Leaving the Netherlands last year, I did not feel like I was going home. I was being sent away to a country as foreign as the one I was leaving; it contained even less of what I considered home. But I left India with a similarly heavy heart this time. For the first time, I felt like I was leaving something behind. I was thinking about when I would get to return, when my first visit “home” might be. I have always thought of home as people rather than places; this time around, there are more pieces of home at ‘home’. One thing I have always maintained is the possibility that everything I think I know, including about myself, could be wrong. Having made almost an art out of running away, I think I am finally opening up to the idea of running towards. In Giovanni’s Room, Baldwin talks about always having a home to go to, as long as you do not go there. In another book I read recently, I saw a joke that went “ you came to me like a cow, I trembled like a Muslim.” This past year, I lived through events that were unequivocally some of the worst in my life. And when I was on the flight out of this country and into a life that promises to be (and already has been) better than the one I leave behind, I cried real tears.
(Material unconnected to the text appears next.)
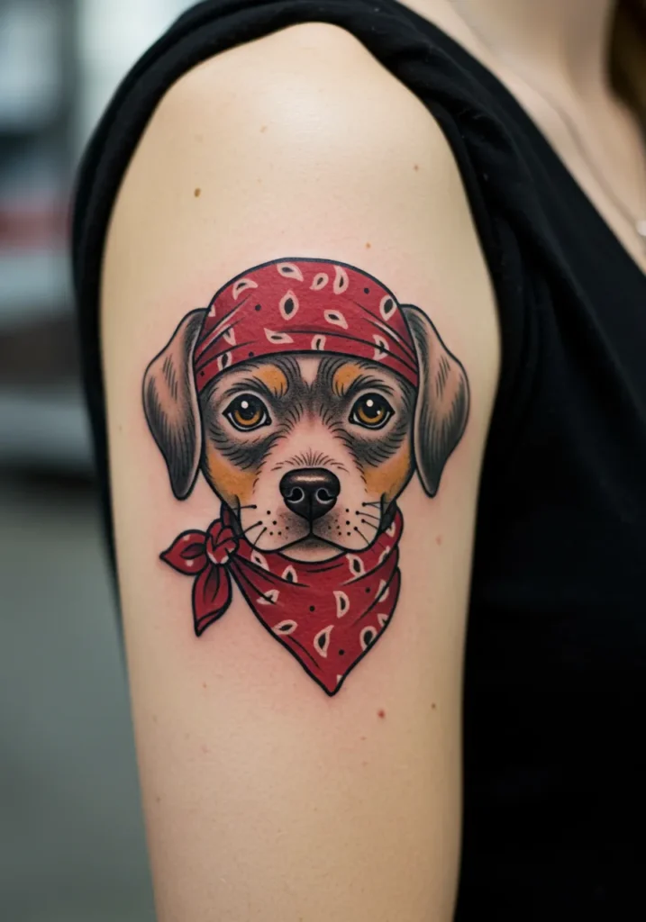 This playful tattoo features a dog wearing a red bandana and matching head wrap, detailed with soft shading and expressive eyes. The design sits proudly on the upper arm, giving off that traditional American tattoo look with its bold lines and warm tones.

If Bibin’s mom called me today, I do not know how I would answer.

Thursday, May 7, 2026

worrying

 

There is always something to worry about. Something to double check, something to put off for later, something to let fester fully aware it will bite you in the ass later. There are worries that feel inescapable, and worries that make you questions whether you are doing it to yourself. There’s little that evidence of things turning out mostly okay does for you in the face of worrying. I’ve mostly stumbled through life with no specific sense of purpose. It seems to have got me into a not unenviable position, but I am still mostly afraid of what lies ahead. I sometimes find it laughable how a life you have to reduce – in description – to grand generalisations has to be lived mostly as a series of immediate crises. While I prepare for my third move in less than a year, the most pressing things on my mind have almost nothing to do with it. The compromise then is to spend every spare moment worrying in the narrative voice of the opening of a documentary on climate change.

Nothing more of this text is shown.